→ **Work item**
Leave every image out, and print the remaining lines below exactly.

Data below START

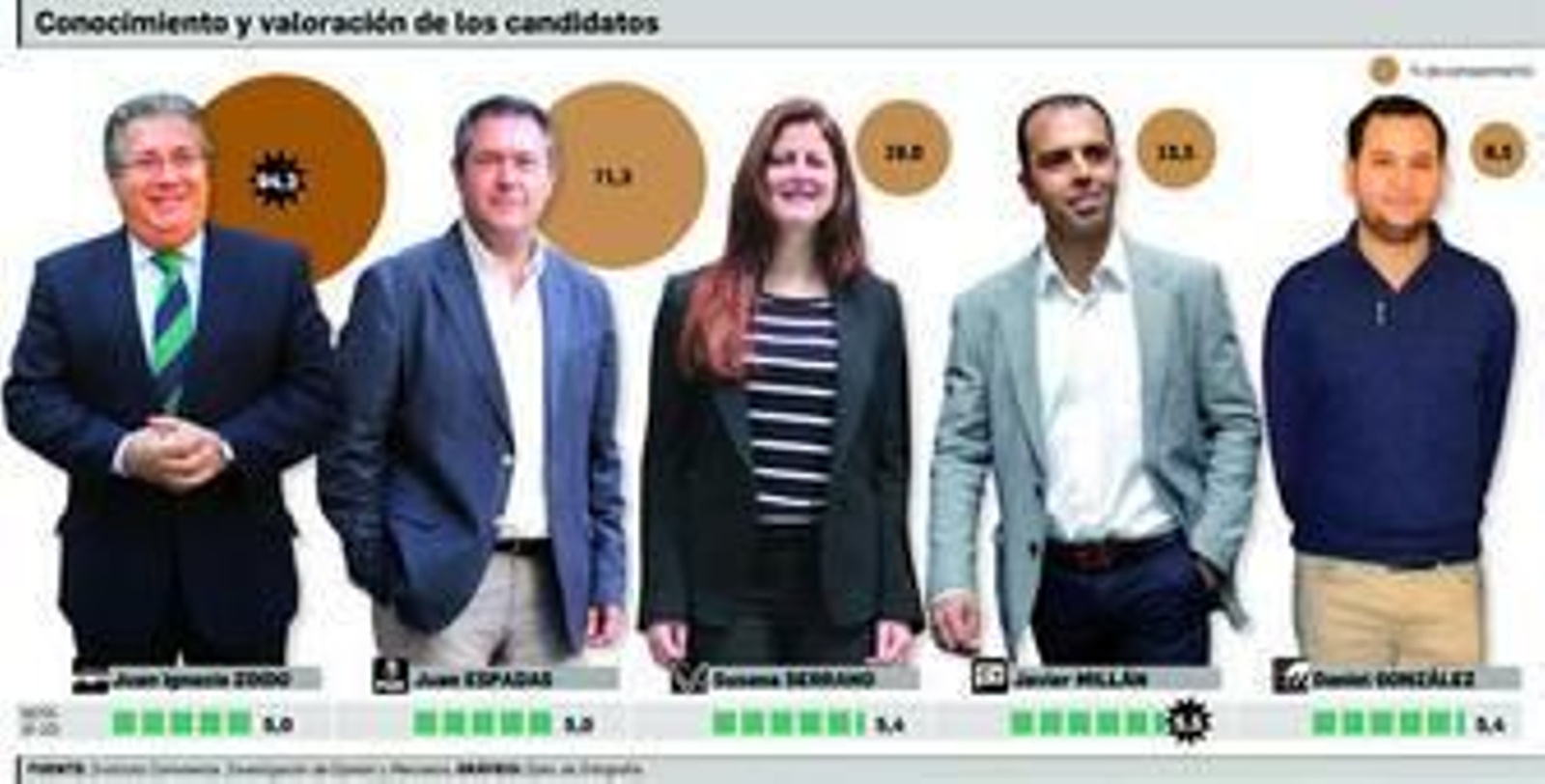 EL refrán de más vale malo conocido que bueno por conocer no sirve en materia electoral. La puntuación que reciben en la encuesta los candidatos a la Alcaldía es más alta cuando se trata de un nuevo alcaldable que cuando éstos tienen ya una trayectoria, como es el caso del alcalde, Juan Ignacio Zoido, y el actual líder de la oposición, Juan Espadas. Ninguno de los dos supera el 5. Aprobado raso. Algunas décimas más consiguen los otros tres por los que se ha preguntado en la consulta. El que obtiene una mayor nota es Javier Millán, de Ciudadanos, con un 5,5. Una décima menos reciben Daniel González Rojas, de Izquierda Unida, y Susana Serrano, de Participa Sevilla.
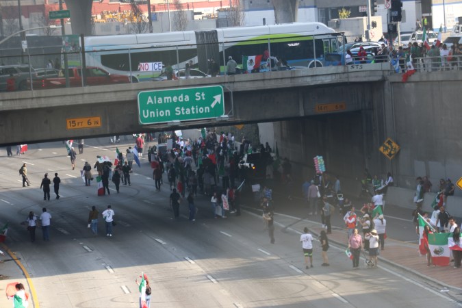 La multitud comenzó a reunirse en torno a la Placita Olvera como a las 12 del medio día, desde donde marcharon por la Avenida Alameda hacia la calle Aliso, y en la entrada a la autopista por la calle Los Ángeles se internaron peligrosamente a la autopista 101.
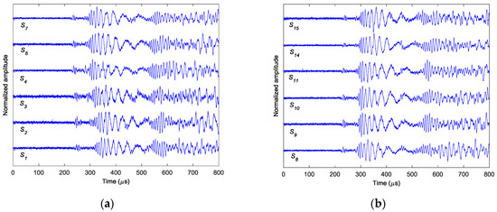 Simulated AE wave signals in case I: (a) sensors S1–S7 (b) sensors S8–S15.

Data below END

→ **Output for this task**
 EL refrán de más vale malo conocido que bueno por conocer no sirve en materia electoral. La puntuación que reciben en la encuesta los candidatos a la Alcaldía es más alta cuando se trata de un nuevo alcaldable que cuando éstos tienen ya una trayectoria, como es el caso del alcalde, Juan Ignacio Zoido, y el actual líder de la oposición, Juan Espadas. Ninguno de los dos supera el 5. Aprobado raso. Algunas décimas más consiguen los otros tres por los que se ha preguntado en la consulta. El que obtiene una mayor nota es Javier Millán, de Ciudadanos, con un 5,5. Una décima menos reciben Daniel González Rojas, de Izquierda Unida, y Susana Serrano, de Participa Sevilla.
 La multitud comenzó a reunirse en torno a la Placita Olvera como a las 12 del medio día, desde donde marcharon por la Avenida Alameda hacia la calle Aliso, y en la entrada a la autopista por la calle Los Ángeles se internaron peligrosamente a la autopista 101.
 Simulated AE wave signals in case I: (a) sensors S1–S7 (b) sensors S8–S15.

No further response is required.